Banaue View Inn Banaue Hotel and Youth Hostel, Banaue Mt. Data Hotel, Banaue Banaue Ethnic and Fine Forest Resort Cozy Nook Inn Family Inn and Resort Hiwang Native House Inn Sanafe Lodge Fairview Inn Halfway Lodge Ilob Village Inn Las Village Lodge and Resort New Wonder Lodge Terrace Ville Inn People's Lodge Inn Spring Village Inn Green View Lodge
There are many good Restaurants and Bars in Banaue where you can dine with your family and enjoy the mouthwatering delicacies. Here are some of the Restaurants and Bars in Banaue that you can hop into to enjoy a wonderful dining session. People's Lodging House and Restaurant - This popular restaurant is situated on the ground floor of the People's Lodging House. This restaurant serves a wide assortment of dishes both for the guests as well as the outsiders. In the rear part of the restaurant, there is a veranda from where you can enjoy a good view of the rice terraces, a small village, and a hanging bridge. This popular restaurant serves a variety of dishes from breakfast, snacks, lunch and dinner. Banaue Restaurant: This place is ideal for fine dining with family and friends. This restaurant is situated inside the famous Banaue Hotel. If you want to enjoy the lovely views while dining then get a table by the window to enjoy a view of the terraces.
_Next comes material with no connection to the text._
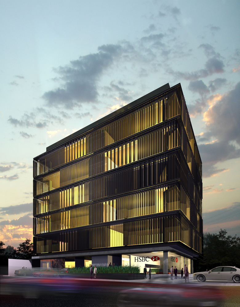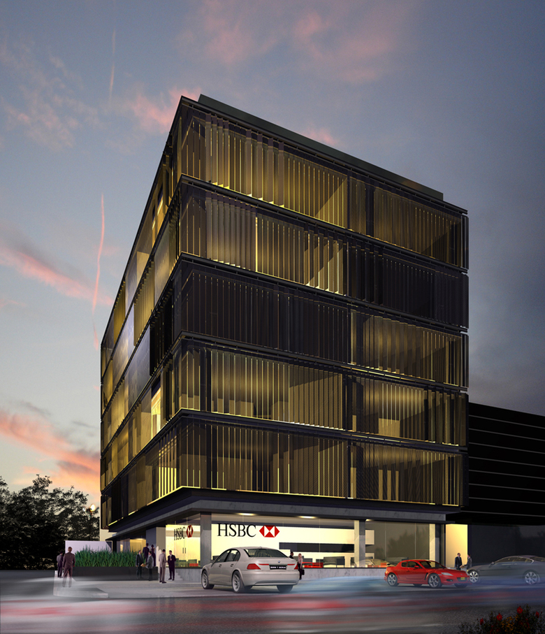 The project aims to create an imposing building that is kind to its surroundings and the environment. The office levels are covered by a double skin. The inner layer made by floor-to-ceiling sliding glass panels. The outer layer is a translucent movable mesh made of perforated aluminum panels that allow for a constantly changing façade and natural ventilation. The offices have the possibility of splitting into 4 private stalls giving the building a dynamic and variable trait. The building appears to be floating over the transparent glass base used for commercial spaces.

You must try the locally-made mouth watering longaniza for breakfast. This special dish is only prepared by the hotel's master chef and is not available at the market. The Longaniza is made of ground pork with spices wrapped in pig's intestinal lining. Another good place to hang out is the Cafe Jam. This is one of the nicest restaurants in town. It is a nice cafe in the and also has a small cyber cafe. You can enjoy some of the good traditional delicacies here. Imbayah Restaurant - This is yet another place where you can enjoy sumptuous meals with family and friends. You can enjoy having breakfast, lunch or dinner at this fabulous restaurant. Some of the most
mouthwatering dishes in the menu include bread rolls, butter and jam, rice, 6 dishes (fish, pork, beef), fruits (watermelon and pineapple) and simple cakes (banana, chiffon and chocolate). They also serve coffee and tea. Banaue Hotel Restaurant - This is a popular restaurant of the town where the food is simply superb. The ambiance of the restaurant is also good for family dining. Most of the standard hotels also have bars which stock well-selected drinks.